His dream may have been crushed if not for the invention of a special swivel seat mounted on the passenger side of the golf cart that allowed him to hit from a stable platform without injuring his back or losing his balance.
Golf proved to be wonderful therapy for him as he devoted his life to entertaining and inspiring others through the Dennis Walters Golf Show. He is now regarded as one of golf’s greatest showmen and travels around the world to demonstrate his remarkable shot making skills. Since 1977 Walters has performed well over 3,000 shows worldwide. He performs many of his shows to benefit the First Tee Programs, the USGA and the PGA. The message of the one hour show is about reaching for your dreams and doing whatever it takes to make that dream come true. You’re never too young to have one and there certainly are no expiration dates on dreams. Also, “if you have a dream and it doesn’t work out, never stop dreaming … get a new dream!”
Over the past 38 years, millions of people have been inspired by Dennis’ skill and message. The inspirational message and his charisma have brought numerous golf honors such as being selected as one of eleven honorary lifetime members of the PGA of America. He also received the 1978 Ben Hogan awards from the Golf Writers Association of America. And in 2008 the PGA gave him the Distinguished Service Award.
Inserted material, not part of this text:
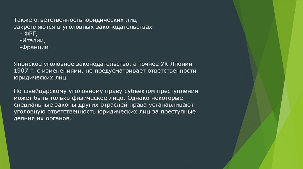 Также ответственность юридических лицзакрепляются в уголовных законодательствах

His impact on individuals facing disabilities, illnesses and challenges is even more profound. He found a way to rebuild his life and follow his passion for golf despite his paralysis. I am personally grateful for his example and he was my inspiration after I got hurt and had to rebuild my life and endure a long road to recovery.
And after my own recovery, I shared Dennis’ story with Fred Gutierrez, aka “The Partially Paralyzed Golfer”. According to Fred, “Dennis inspired me to believe in myself and follow my dreams of playing golf. He did not have an easy road to success and it was filled with a lot of blood, sweat and tears. A few years ago I attended one of Dennis’ shows and saw what he could do with a golf club and ball. All I can say is “wow”. Speaking with Dennis after the show, I admired how he tries to inspire people to go after their dreams and to set the bar higher each time. I want to do that!”
And like many people facing injuries, illnesses, or challenges he was left with the thought: If Dennis can do it, so can I.